◆ **AVAILABLE DATA**:
-- Opening Marker --

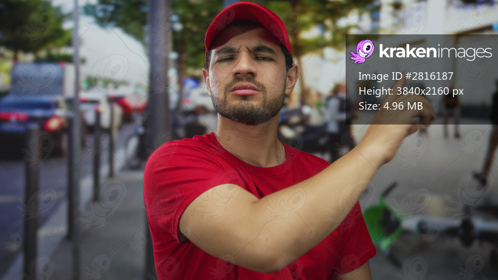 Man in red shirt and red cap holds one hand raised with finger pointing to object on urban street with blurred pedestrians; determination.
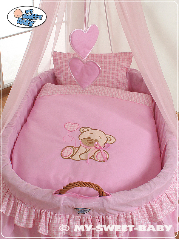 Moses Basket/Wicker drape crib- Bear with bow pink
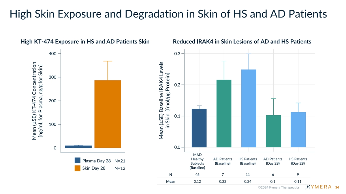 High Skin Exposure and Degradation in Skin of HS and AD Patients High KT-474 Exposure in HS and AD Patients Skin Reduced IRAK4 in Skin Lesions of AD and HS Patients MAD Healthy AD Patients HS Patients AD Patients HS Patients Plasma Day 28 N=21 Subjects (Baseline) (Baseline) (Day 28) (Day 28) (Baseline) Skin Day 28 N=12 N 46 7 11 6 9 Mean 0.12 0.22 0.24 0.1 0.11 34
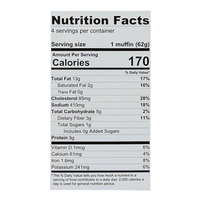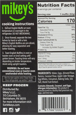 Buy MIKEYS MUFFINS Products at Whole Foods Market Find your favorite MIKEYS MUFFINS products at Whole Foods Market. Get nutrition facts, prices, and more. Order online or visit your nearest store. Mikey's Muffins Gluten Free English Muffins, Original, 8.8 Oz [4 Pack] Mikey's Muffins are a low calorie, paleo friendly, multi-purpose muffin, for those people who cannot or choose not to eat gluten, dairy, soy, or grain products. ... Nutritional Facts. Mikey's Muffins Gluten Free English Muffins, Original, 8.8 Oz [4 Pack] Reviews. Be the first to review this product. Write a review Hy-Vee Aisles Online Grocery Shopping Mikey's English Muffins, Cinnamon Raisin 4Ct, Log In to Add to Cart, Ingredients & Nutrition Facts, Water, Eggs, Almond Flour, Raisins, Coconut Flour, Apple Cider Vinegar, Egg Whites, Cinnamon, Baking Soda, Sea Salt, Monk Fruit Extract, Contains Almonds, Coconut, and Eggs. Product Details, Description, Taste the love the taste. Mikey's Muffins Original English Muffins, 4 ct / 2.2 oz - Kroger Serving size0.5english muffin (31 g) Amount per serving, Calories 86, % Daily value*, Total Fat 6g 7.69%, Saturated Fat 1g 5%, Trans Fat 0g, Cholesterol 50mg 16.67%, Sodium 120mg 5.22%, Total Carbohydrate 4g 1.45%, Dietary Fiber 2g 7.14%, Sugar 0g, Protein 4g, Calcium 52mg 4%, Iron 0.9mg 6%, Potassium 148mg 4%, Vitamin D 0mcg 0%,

-- Closing Marker --

◆ **ASSIGNMENT**:
Leave out the pictures, then repeat the listing above exactly from its first line to the line with "Moses Basket/Wicker drape", inclusive.

◆ **RESPONSE AREA**:
 Man in red shirt and red cap holds one hand raised with finger pointing to object on urban street with blurred pedestrians; determination.
 Moses Basket/Wicker drape crib- Bear with bow pink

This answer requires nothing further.